Recopier un texte en se rappelant du « passage » que l’on lit tandis qu’on le couche sur le papier tout en fixant dans la mémoire le groupe de mots suivants, alors que le souvenir de ce qu’on a écrit reste encore indispensable un certain temps à la compréhension du sens (1966

En outre, Zintchenko distingue également la mémoire opérationnelle de la mémoire immédiate. Il définit la mémoire immédiate comme l’aptitude psycho-physiologique de

l’homme à garder le souvenir, à retenir sur le coup un matériel à peine assimilé (1966 p10).

En revanche la mémoire opérationnelle n’est concevable que strictement subordonnée aux

buts d’une activité donnée, que liée au contenu même de cette activité (1966 p10). De ce fait,

l’auteur précise que si ces deux mémoires sont transitoires, la brièveté de la mémoire opérationnelle est relative à l’activité qu’elle sert. Certes, la mémoire opérationnelle est brève par rapport à la mémoire permanente mais elle peut donc être longue par rapport à la mémoire immédiate. De ce fait, pour Zintchenko la mémoire opérationnelle accomplit une fonction spécifique, et possède un contenu particulier.

Au cours d’expérimentations Zintchenko chercha à élucider les particularités de la mémoire opérationnelle. Il a ainsi mis en évidence que la diminution des capacités de la mémoire opérationnelle lorsque la complexité de la tâche augmente. De plus, ses résultats ont également permis de constater des différences individuelles dans l’exécution de tâches mettant en œuvre la mémoire opérationnelle. Par exemple, il met en évidence que les procédés d’intégration des informations en mémoire opérationnelle sont très variables d’un sujet à l’autre. En effet, les sujets qui assemblent les informations en unités de mémoire ou

unités opérationnelles (ie : chunking) sont plus performants que ceux qui n’y parviennent pas.

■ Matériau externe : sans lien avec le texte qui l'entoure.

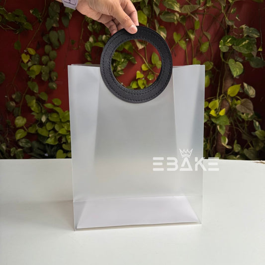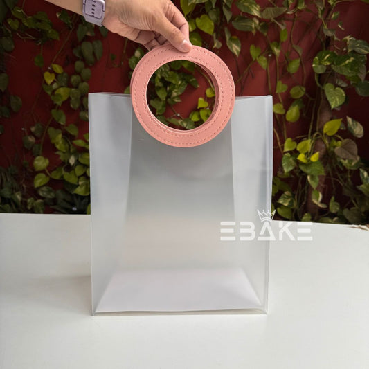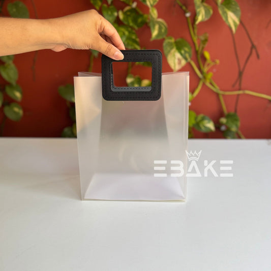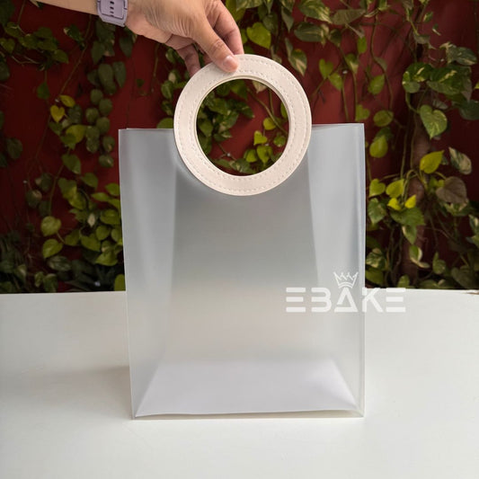 Large Frosted PVC Hamper Bag/Semi Transparent Goodie Bag With Handle (28x24x12.5cm) - Single Piece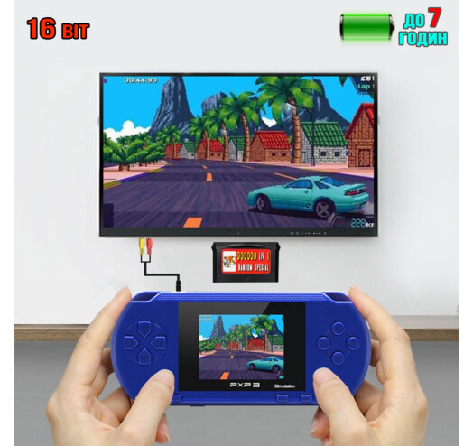 Это компактная и доступная игровая консоль, которая имеет популярные встроенные 16-битные игры. Консоль помещается в карман, поэтому всегда с вами работает как от сети, так и от аккумулятора, обеспечивающего питание в течение 6-7 часов игрового процесса, а также возможность подключения к ТВ.

Lors d’une expérimentation auprès d’écoliers, en situation de recopie de texte, Zintchenko met en évidence que les unités de la mémoire opérationnelle des élèves peuvent appartenir à trois niveaux différents. Les unités du niveau inférieur se limitent aux lettres et aux syllabes, celles du niveau intermédiaire comprennent des mots, et enfin les unités opérationnelles du niveau supérieur absorbent des groupes de mots et des propositions. Par ailleurs, il analyse que les niveaux inférieurs et moyens n’assurent que très faiblement la justesse orthographique et sémantique du texte retranscrit. En mettant en place des séances d’entraînement pour les écoliers les plus en difficulté, Zintchenko mit en évidence que le passage à des unités opérationnelles du stage supérieur permettait de diminuer le nombre d’erreurs et d’augmenter la vitesse de copie. Graduellement, l’automatisation des opérations suscitait ainsi la

modification des procédés de la mémorisation opérationnelle, la formation d’unités de la mémoire d’un niveau plus élevé (p17). De ce fait, pour Zintchenko, la formation de ces unités

opérationnelles de niveau supérieur, d’une part, assure de meilleurs résultats et, d’autre part, est étroitement liée à l’expérience des sujets.